Central European University in Vienna (Web)
Time: 17.04.2021, 11-17.00 Uhr
Venue: virtual space, via Vienna
Zoom: Link
The outbreak of the Covid-19 pandemic prompted a quest for historical parallels that help us contextualize this traumatic event. The voices of historians, sociologists, and philosophers of science are vital in this debate. The event, consisting of an expert panel and a seminar, focuses on the experience of interwar East Central Europe to explore these historical parallels.
Expert panel (11:00-13:00)
The expert panel brings together scholars working on various contexts and issues connected to biopolitics in East Central Europe. Their presentations will be followed by a discussion, moderated by Professor Jakob Vogel of the Centre Marc Bloch and Humboldt-Universität in Berlin.
The program of the presentations is as follows:
- Ana Cergol Paradiž (Ljubljana): Psychiatry and Biopolitics in Slovenia
- Calin Cotoi (Bucharest): Cholera and Nation-Building in XIXth Century Romania
- Friederike Kind-Kovacs (Dresden): Rescuing the Future of the Nation: Childhood, Hunger and the Spanish Flu in Budapest after the Great War
- Martin Kuhar (Zagreb): Social Diseases, Social Therapy: Public Health and National Regeneration in Interwar Yugoslavia
- Victoria Shmidt (Graz): Health Films for Interwar “Periphery”: Between Adapting the Global Order and Building National Authenticity
Seminar (15:00-17:00)
Based on the proposed list of readings, seminar discussion will explore the following topics:
1. Epidemics and nation-building
After the collapse of the continental empires in the aftermath of the Great War, East Central Europe faced a double challenge of taming epidemics and nation-building. There is an emerging body of literature that discusses the process of post-imperial transitions in East Central Europe and the continuities between the interwar states and the continental empires that preceded them. Through the prism of epidemics control, we will explore whether and how biopolitical issues fit into these narratives. Drawing on the concept of biopolitics, our seminar will thus rethink some aspects of the process of nation-building in the region.
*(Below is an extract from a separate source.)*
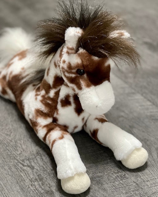 Meet your new ultra-soft calming companion—our weighted Appaloosa Horse plush. This medium-sized beauty arrives in a relaxed laying pose with a luxurious brown-and-white coat, plush mane, and fluffy tail. The fabric is exceptionally baby-soft, making it irresistibly squishy and floppy for soothing sensory input or cozy snuggles.
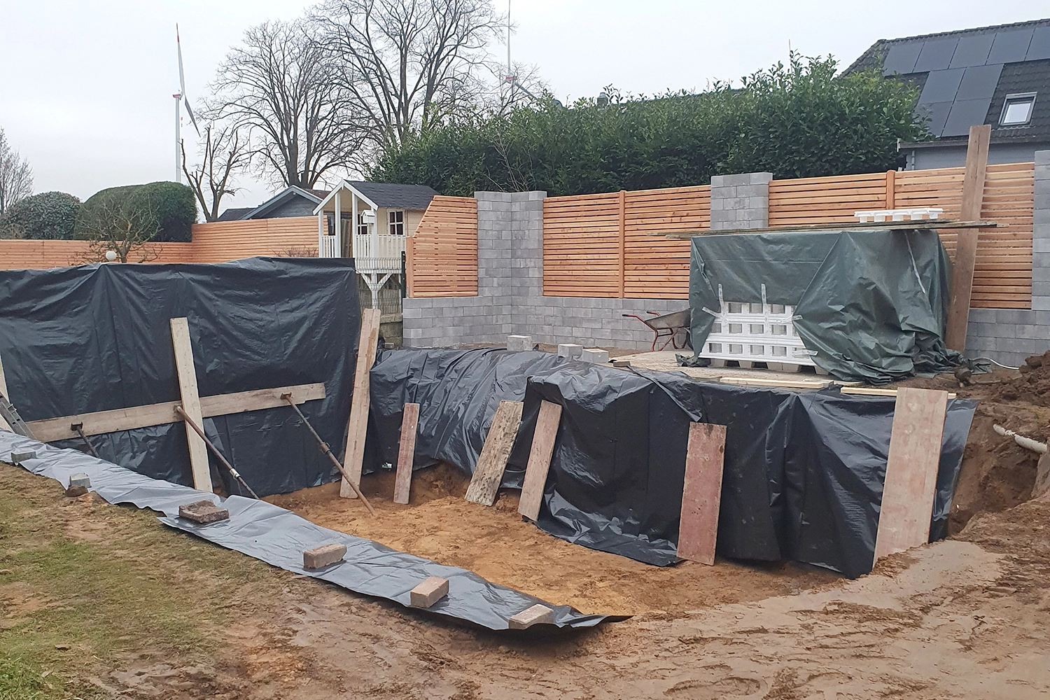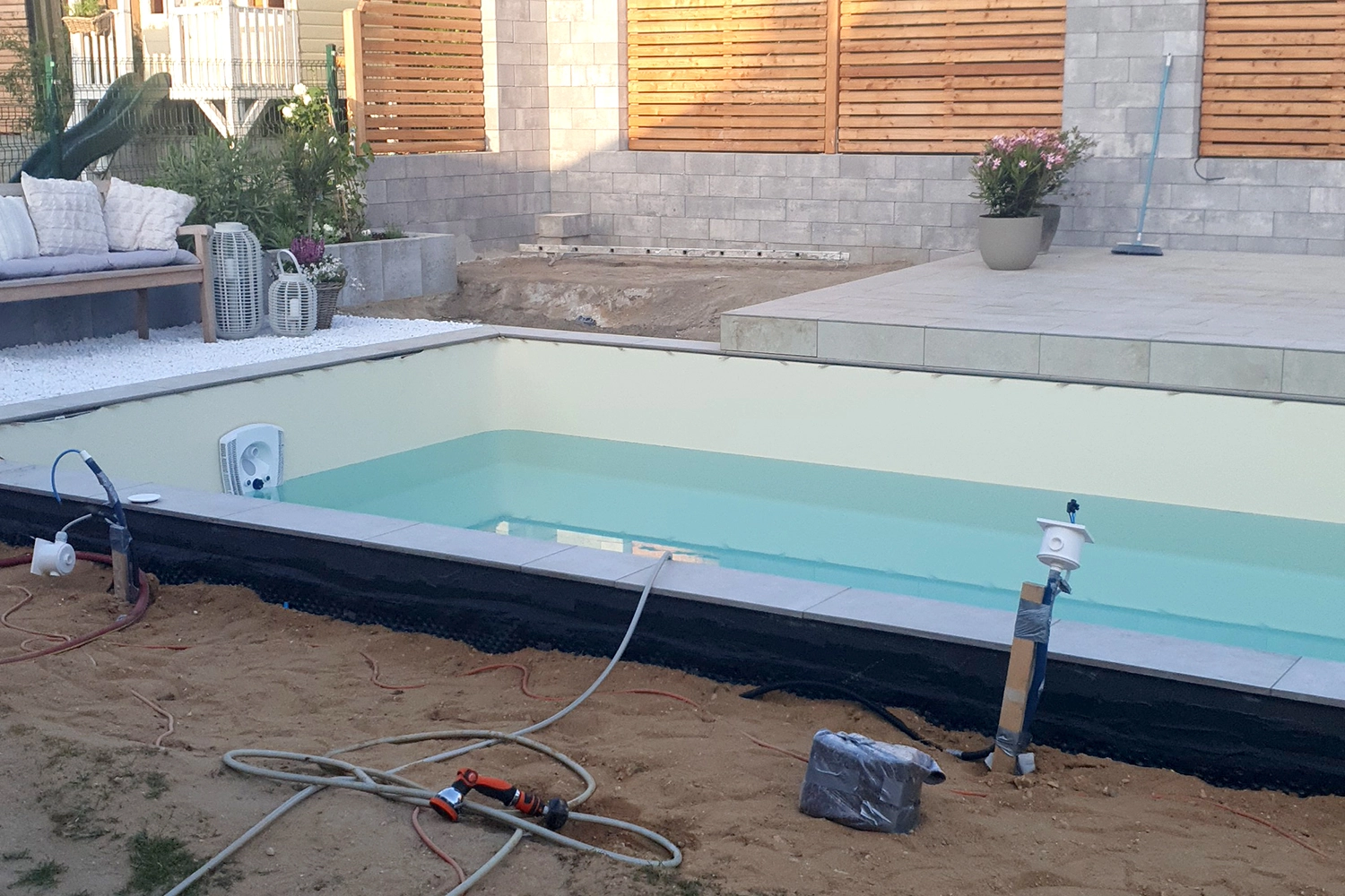La pose du liner a été plus facile que prévu, notamment grâce à l’aide de nos voisins expérimentés

2. Expertise and its credibility
Sociologists and historians of science have long discussed various forms of expertise, and studied the strategies that helped them gain credibility. Drawing on these debates, we will explore the production and social uses of biopolitical knowledge in interwar East Central Europe. Who claimed expertise on biopolitical issues, and on what grounds? What audiences they sought to address? Finally, how did they win – or fail to win – trust in polarized societies?
3. Epidemics in the margins
Interwar East Central Europe was a diverse space. Its multiethnic and yet nationalizing states pursued policies that sought to render their populace legible. Our seminar, therefore, will discuss what impact these policies had on the internal peripheries of these states. How did they represent the ethnocultural diversity of these spaces, and various racial, gender and class identities? How were these policies negotiated on the ground? Did they interact with other, local forms of knowledge, or did they marginalize it? How did these policies shape subjectivities in these areas?
4. Global entanglements
Recently, historians in East Central Europe turned towards the global, and started exploring imperial and colonial entanglements of their region. Drawing on this fascinating research, we discuss how the concept of circulation of knowledge complicates the narrative about biopolitics in interwar East Central Europe. What transnational, (post-)imperial, and colonial knowledge about diseases and their control circulated in the region, and how was it appropriated? Who were the key transnational actors that facilitated the move of ideas, practices and people? What role did East Central Europe play in shaping discourses and practices on biopolitics on a global scale?
The event is organized by the research network “Intellectual History in East Central Europe,” a collective of advanced doctoral students at Central European University and partner institutions. The network promotes in the ECE area the research on intellectual history that goes beyond national canons.